**TASK DESCRIPTION**:
Make an exact copy of the whole listing, but leave its pictures out.

**DATASET CONTENT**:

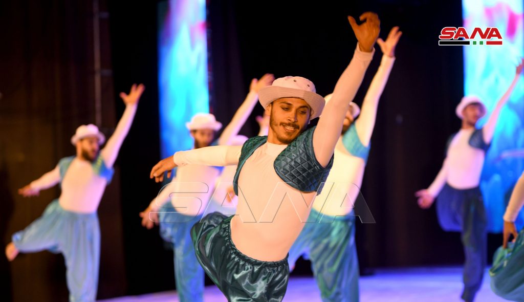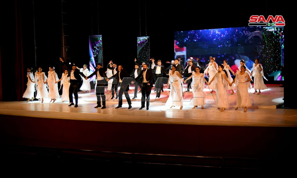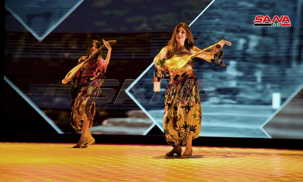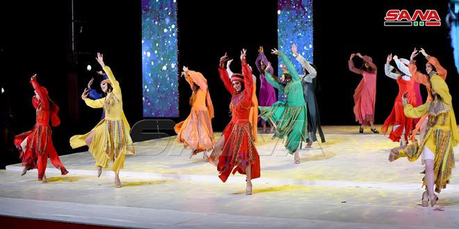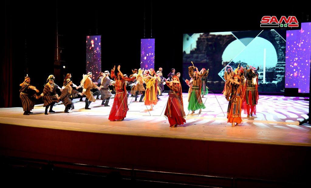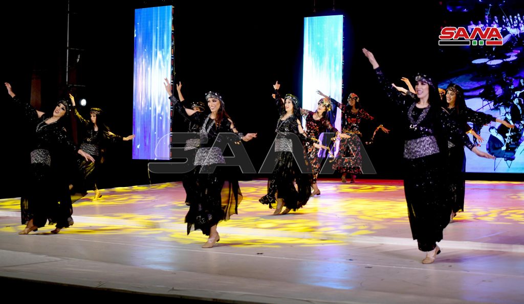 وأدت فرقة جلنار للمسرح الراقص عدة لوحات تصميم علي حمدان على أنغام أغنيات تراثية سورية ترافقت مع مشاهد مصورة من مختلف ربوع البلاد لتختم فقرتها بلوحة تعبر عن قوة سورية وإرادة شعبها بإعادة الإعمار وتجاوز أهوال الحرب.
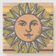 Sol grande sorridente e vintage, com uma ilustração tipo recorte de madeira no fundo das listras em laranja, amarelo, preto. Feliz, artístico ensolarado e design divertido. Excelente para casa de praia.
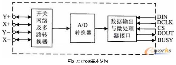 觸摸屏控制器有多種,主要的功能均是在微處理器的控制下向觸摸屏的兩個方向分時施加電壓,并將相應的電壓信號傳送給自身A/D轉換器,在微處理器SPI口提供的同步時鐘作用下將數(shù)字信號讀入微處理器??刂破鰽DS7846基本結構如圖2所示。

**ANSWER BOX**:
 وأدت فرقة جلنار للمسرح الراقص عدة لوحات تصميم علي حمدان على أنغام أغنيات تراثية سورية ترافقت مع مشاهد مصورة من مختلف ربوع البلاد لتختم فقرتها بلوحة تعبر عن قوة سورية وإرادة شعبها بإعادة الإعمار وتجاوز أهوال الحرب.
 Sol grande sorridente e vintage, com uma ilustração tipo recorte de madeira no fundo das listras em laranja, amarelo, preto. Feliz, artístico ensolarado e design divertido. Excelente para casa de praia.
 觸摸屏控制器有多種,主要的功能均是在微處理器的控制下向觸摸屏的兩個方向分時施加電壓,并將相應的電壓信號傳送給自身A/D轉換器,在微處理器SPI口提供的同步時鐘作用下將數(shù)字信號讀入微處理器??刂破鰽DS7846基本結構如圖2所示。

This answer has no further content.